> [Aim of the task] Write out the lines of the material below exactly, beginning at the line with "Żyrandol z kryształowymi" and stopping after the line with "A classic Maileg", and leave out the pictures.

> [Data for this task]

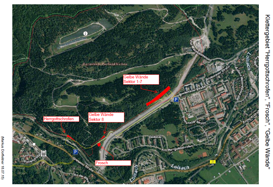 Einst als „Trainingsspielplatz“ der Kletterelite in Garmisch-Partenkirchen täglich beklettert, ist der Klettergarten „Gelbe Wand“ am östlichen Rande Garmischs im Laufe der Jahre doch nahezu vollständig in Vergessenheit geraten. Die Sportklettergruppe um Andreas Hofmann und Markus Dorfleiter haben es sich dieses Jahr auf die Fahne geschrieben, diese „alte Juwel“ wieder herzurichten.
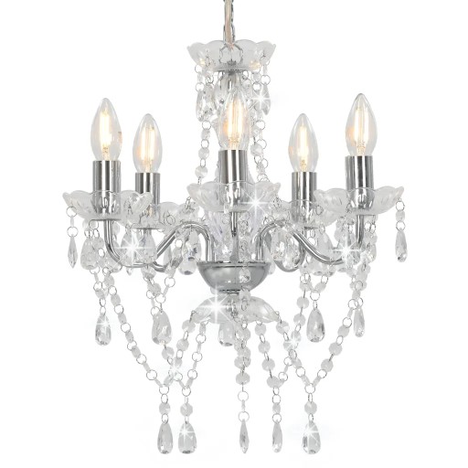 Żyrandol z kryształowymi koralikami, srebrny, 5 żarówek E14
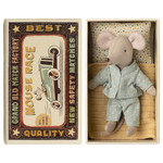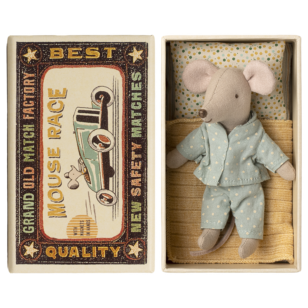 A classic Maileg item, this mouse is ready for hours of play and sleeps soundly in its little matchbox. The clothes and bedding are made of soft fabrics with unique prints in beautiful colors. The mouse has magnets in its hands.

...

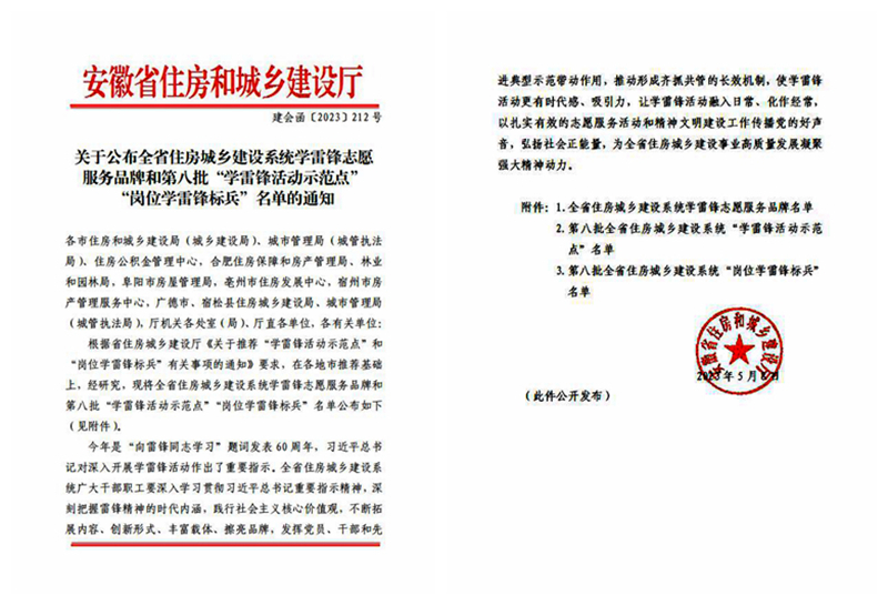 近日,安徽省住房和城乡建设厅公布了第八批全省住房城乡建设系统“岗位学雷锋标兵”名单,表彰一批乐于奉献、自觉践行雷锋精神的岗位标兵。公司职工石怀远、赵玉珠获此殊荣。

> [Task solution]
 Żyrandol z kryształowymi koralikami, srebrny, 5 żarówek E14
 A classic Maileg item, this mouse is ready for hours of play and sleeps soundly in its little matchbox. The clothes and bedding are made of soft fabrics with unique prints in beautiful colors. The mouse has magnets in its hands.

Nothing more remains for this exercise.